Salaried employees often face the dilemma of using annual bonuses to prepay home loans or investing for long-term growth. While paying off debt offers psychological relief, investing could yield higher returns over time. Balancing these choices alongside building an emergency fund and clearing expensive debts is often the most effective way to manage a year-end windfall.
The Bonus Dilemma
Receiving an annual bonus is a welcome boost for salaried employees, but it often brings a financial question: is it better to reduce your home loan burden or invest the cash for future wealth? Both choices have different outcomes for your bank balance and peace of mind. There is no single right answer, as the decision depends on your current financial health, tax situation, and your long-term goals.

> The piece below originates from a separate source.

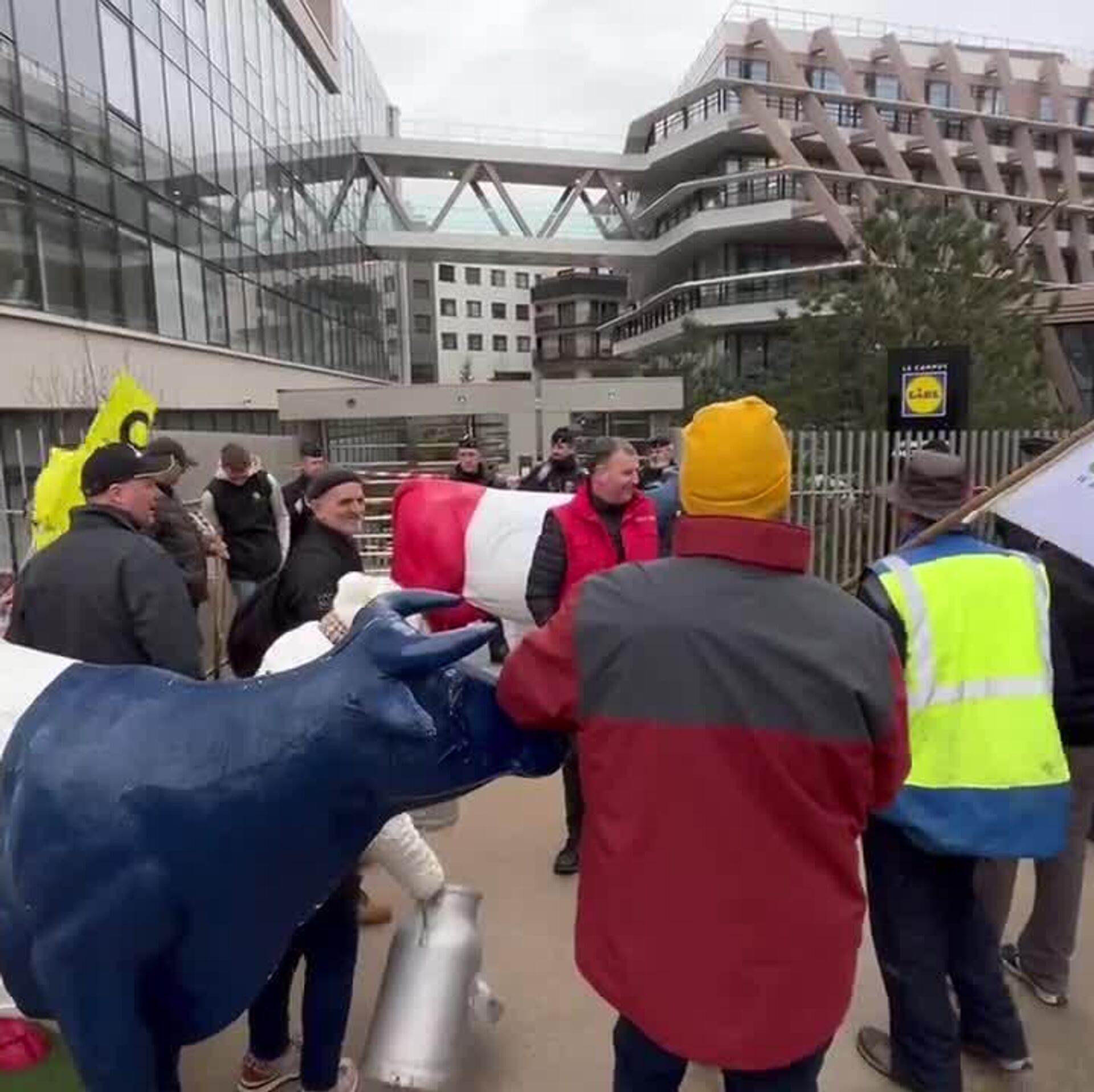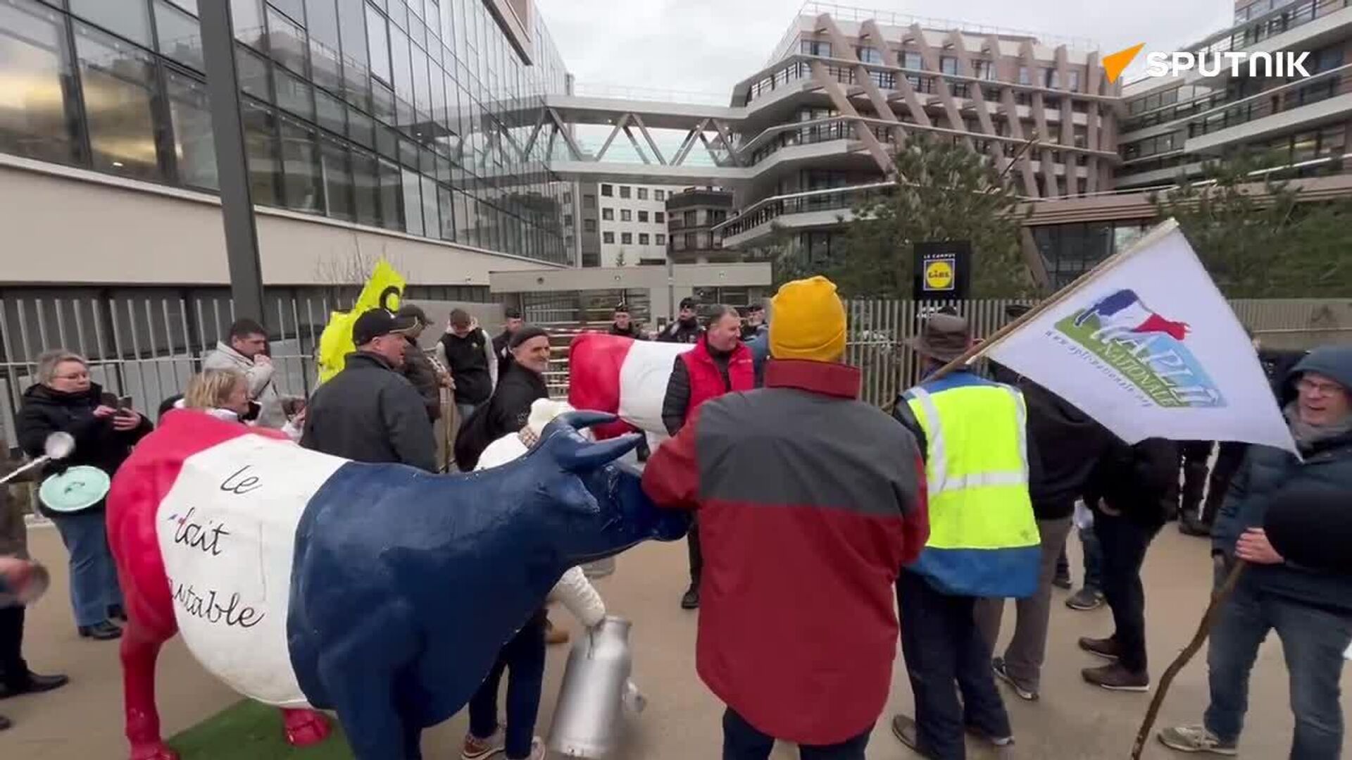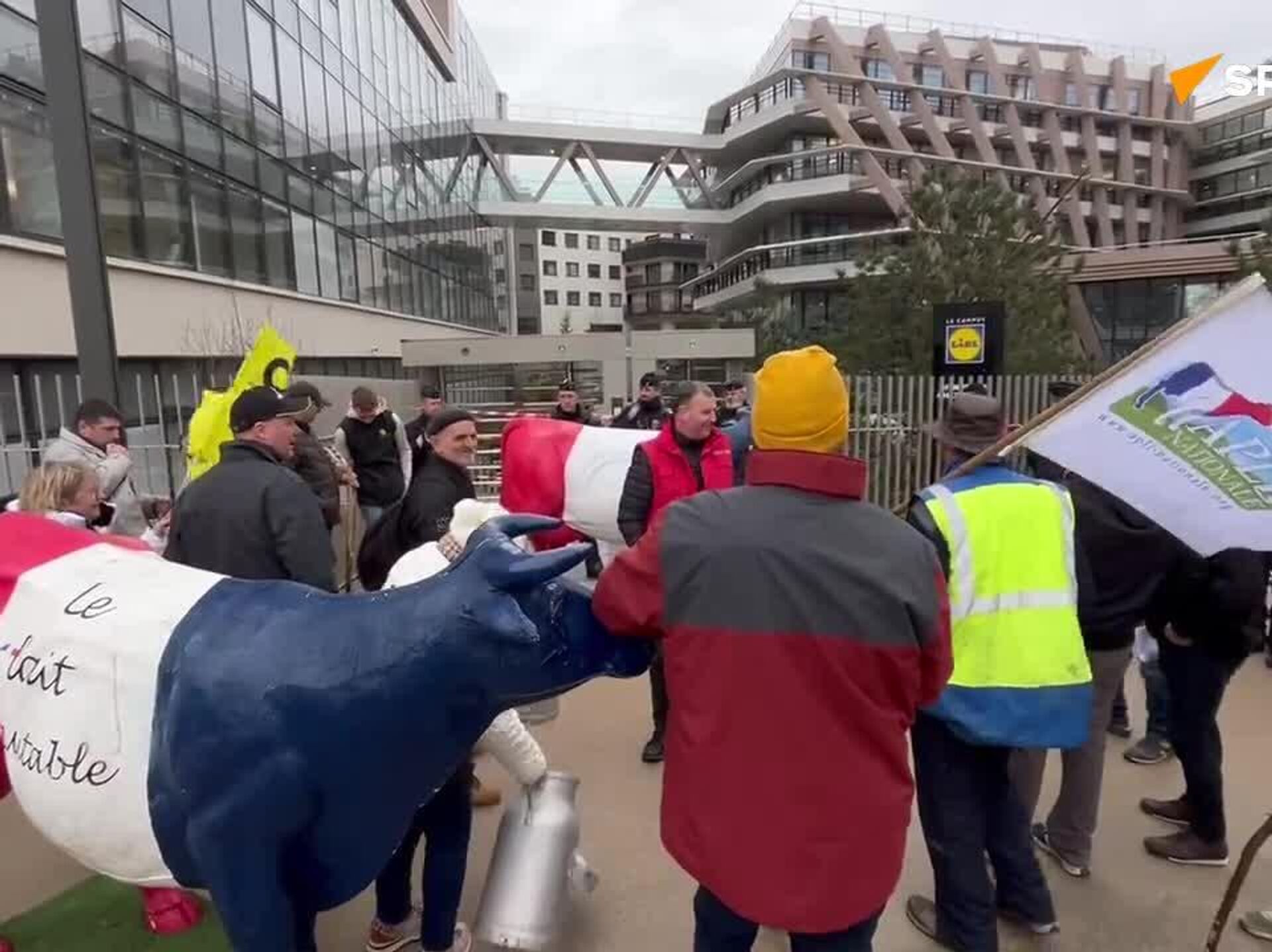 Des éleveurs laitiers de l’Association des producteurs de lait indépendants (Apli) ont occupé le siège du distributeur Lidl ce jeudi matin au sud de Paris, avant de procéder à une distribution de lait “Équitable, faire France” place d’Italie.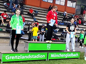Am 10.05. nahm ein kleines Team an den Regionsmeisterschaften der U14 und U18 in Korschenbroich teil. Begeistern konnte an diesem Tag vor allem Sprinter Jannik Gockel (MU18). Nachdem er bereits im Vorlauf mit 12,05sek Bestleistung gelaufen war, blieb er im Finale mit 11,89sek erstmals unter 12 Sekunden. Damit sicherte er sich den sechsten Platz und ist aktuell der schnellste unter 18 Jährige in Essen. Im Dreisprung gelang ihm mit 10,98m ebenfalls eine neue Bestleistung und ein starker vierter Platz. Zuletzt konnte er sich im Weitsprung mit 5,29m noch den siebten Platz sichern. Die meisten Erfolge für die Schönebecker gab es mal wieder im Hochsprung. In der WU18 sicherte sich Anna-Dorothea Spies mit 1,59m überlegen den Regionsmeistertitel und in der W12 siegte Franka Lorenz mit 1,34m. Dahinter ging mit 1,22m ein starker achter Platz an Carolin Meckel (W12). Abgerundet wurde das starke Wettkampfergebnis durch Speerwerfer Ole Dreyer (M12), der mit neuer Bestleistung von 14,94m ins Finale einzog und dort siebter wurde. Am darauffolgenden Tag startete ein großer Teil der Schönebecker Leichtathleten beim internationalen EMM-Athletik-Sportfest in Emmerich. Dort konnte Franka Lorenz (W12) ihre Siegesserie fortsetzen, sowohl im Hochsprung als auch über 75m siegte sie überlegen. Ebenfalls erfolgreich in der W12 war Lea Niemeyer. Nachdem sie bereits über 75m, mit neuer Bestzeit von 11,88sek, vierte geworden war, gelang es ihr sowohl im Hochsprung als auch über 60m Hürden die Silbermedaille zu gewinnen. Ihre Trainingspartnerin Mila Leubner (W12) konnte die Bronzemedaille über die Hürden gewinnen und wurde außerdem mit neuer Bestzeit von 12,43sek neunte über 75m. In der W11 siegte Anna Woywode, mit neuer Bestleistung von 8,53sek, über 50m. Im Weitsprung gelang ihr mit 3,46m ebenfalls eine neue Bestleistung und ein starker vierter Platz. Lediglich im Ballwurf blieb sie mit 17,50m und dem fünften Platz, aufgrund technischer Probleme, etwas unter ihren Möglichkeiten. Läufer Ole Fendrich (M12) sicherte sich über 800m die Bronzemedaille und über 60m Hürden die Silbermedaille. Über 75m musste er sich knapp mit dem vierten Platz zufriedengeben und im Weitsprung wurde er siebter. Ein weiteres Highlight des Wettkampfs war der Sieg der 4mal 100m Staffel der weiblichen U16, bestehend aus Anna Goller, Mila Leubner, Kira Kähle und Bella König. Kira Kähle (W14) gelang nachdem Staffelgold auch noch über 100m und im Hochsprung ein überlegener Sieg. Lediglich im Weitsprung wurde sie, trotz neuer Bestleistung von 4,15m, fünfte. Ein weiteres starkes Ergebnis gelang Anna Goller (W14) über die 80m Hürden, mit 17,52sek und einem starken vierten Platz. Sprinter Jannik Gockel (MU18) trat noch geschwächt vom Vortag an. Dennoch konnte er sich mit 12,18sek Bronze über 100m und mit 10,50m Silber im Dreisprung sichern. Im Weitsprung wurde er mit 5,17m knapp vierter. Hochspringer Thomas Hasenbeck (MU20) startete hochgemeldet bei den Männern. Aufgrund seiner Rückenbeschwerden beendete er seinen Wettkampf bereits nach übersprungenen 1,78m. Obwohl die Höhe für seine Verhältnisse eher schwach war, reichte das Ergebnis nicht nur für Gold sondern auch zum Meetingrekord. Ebenfalls geschwächt vom Vortag war Siebenkämpferin Anna-Dorothea Spies (WU18). Daher musste sie sich ausgerechnet in ihrer Paradedisziplin dem Hochsprung mit Silber zufriedengeben. Dafür gelang ihr aber im Dreisprung ein überlegener Sieg. Über die 100m Hürden stand dann noch eine neue Bestzeit von 17,67sek und ein starker fünfter Platz zu Buche. Beim 100m Sprint blieb sie als fünfte etwas unter ihren Möglichkeiten. Abgerundet wurde das starke Wettkampfergebnis durch Alexa Rademacher (WU20), welche mit 1,56m Silber im Hochsprung gewann. Eine Woche später fanden die Regionsmeisterschaften der U16 in Mönchengladbach statt. Dort ging nur eine Schönebecker Athletin an den Start, diese war dafür aber umso erfolgreicher. Lara Terlinden (W14) gewann mit 24,87m Silber im Diskuswurf und mit 9,79m Bronze im Kugelstoßen. Parallel fanden in Siegburg die Regionsmeisterschaften der Erwachsenen und U20 statt. Dort konnte sich vor allem Benedikt Spies hervortun. In seinem ersten Jahr bei den Männern, gewann er auf Anhieb den Regionsmeistertitel im Kugelstoßen. Außerdem gewann er im Dreisprung die Silbermedaille und im Speerwurf konnte er Bronze erringen. Hochspringerin Alexa Rademacher (WU20) überwand 1,59m und wurde damit Regionsvizemeisterin. Abgerundet wurden die Regionsmeisterschaften durch Thomas Hasenbeck (MU20). Aufgrund seiner Rückenbeschwerden beendete er seinen Wettkampf nach übersprungenen 1,81m. Bereits diese Höhe genügte ihm um mit deutlichem Vorsprung Regionsmeister zu werden.

The Math of Debt Reduction
Paying off a home loan early, known as prepayment, reduces the total interest you pay over the life of the loan. In the early years of a loan, a large portion of your monthly EMI goes toward interest rather than the principal amount. By paying a lump sum, you lower the principal, which in turn reduces the interest calculation for all future months. This provides immediate, guaranteed savings equal to your home loan interest rate. For many, this also offers a strong sense of relief by removing a long-term liability.
The Case for Investing
Alternatively, if your home loan interest rate is around 8-9%, some investors believe that investing the money in diversified equity portfolios or mutual funds could yield higher returns over a 10-15 year period. The logic here is that your money could grow faster than the interest you are saving by paying off the loan. However, this comes with a trade-off. Unlike the guaranteed saving from a loan prepayment, stock market returns are not fixed and come with the risk of loss, especially in the short term.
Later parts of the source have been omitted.